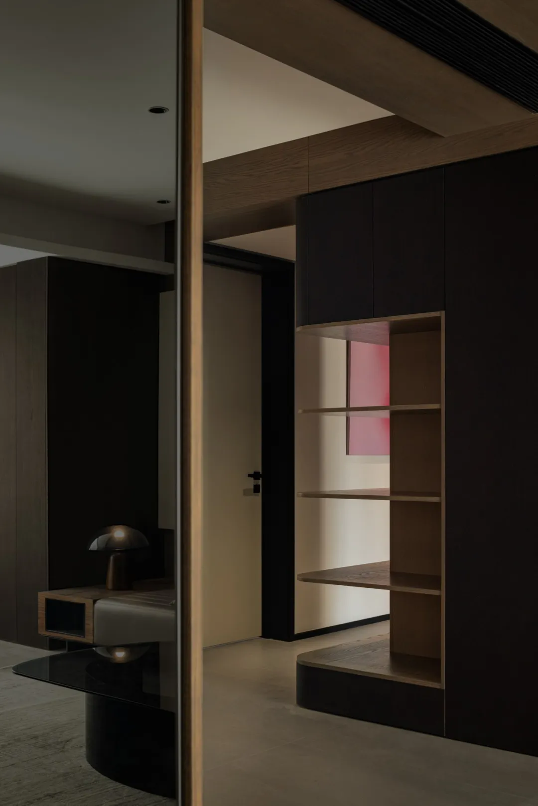 设计通过对明暗、秩序、结构的理性处理,调动区域之间的承转与过渡,在不经意的角落绽放一抹暖光,直达心底。
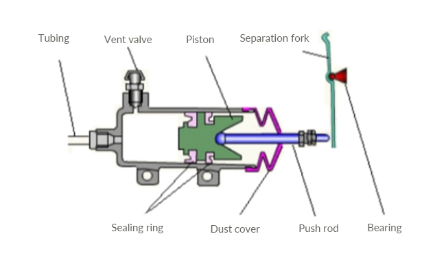 As the actuating terminal of the hydraulic clutch system, it converts hydraulic pressure transmitted from the master cylinder into mechanical thrust. This force either drives the release fork or directly pushes the release bearing, thereby engaging and disengaging the clutch pressure plate.
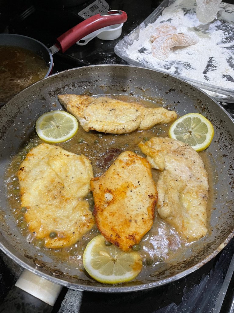 The menu was Chicken Piccata with Massaged Lemony Kale Salad (which I wrote about here and has since become a staple in our kitchen) and Tres Leches Cake with strawberries for dessert (which is still on my “to make” list). It was amazing start to finish! It was such a gift during a pandemic birthday to cook and share a special meal with dear friends. Because it is Melissa’s family’s favorite meal, she didn’t seem stressed, and didn’t use a recipe or measure much. I stood in awe as she chatted and explained and dredged cutlets, and pan fried them, and made sauce (In addition to other parts of the meal). Because there were nine of us with our families, she had to make a lot batches!

PROBLEM TO SOLVE: Copy the lines above exactly and exclude every image.

ANSWER TO THE PROBLEM:
 设计通过对明暗、秩序、结构的理性处理,调动区域之间的承转与过渡,在不经意的角落绽放一抹暖光,直达心底。
 As the actuating terminal of the hydraulic clutch system, it converts hydraulic pressure transmitted from the master cylinder into mechanical thrust. This force either drives the release fork or directly pushes the release bearing, thereby engaging and disengaging the clutch pressure plate.
 The menu was Chicken Piccata with Massaged Lemony Kale Salad (which I wrote about here and has since become a staple in our kitchen) and Tres Leches Cake with strawberries for dessert (which is still on my “to make” list). It was amazing start to finish! It was such a gift during a pandemic birthday to cook and share a special meal with dear friends. Because it is Melissa’s family’s favorite meal, she didn’t seem stressed, and didn’t use a recipe or measure much. I stood in awe as she chatted and explained and dredged cutlets, and pan fried them, and made sauce (In addition to other parts of the meal). Because there were nine of us with our families, she had to make a lot batches!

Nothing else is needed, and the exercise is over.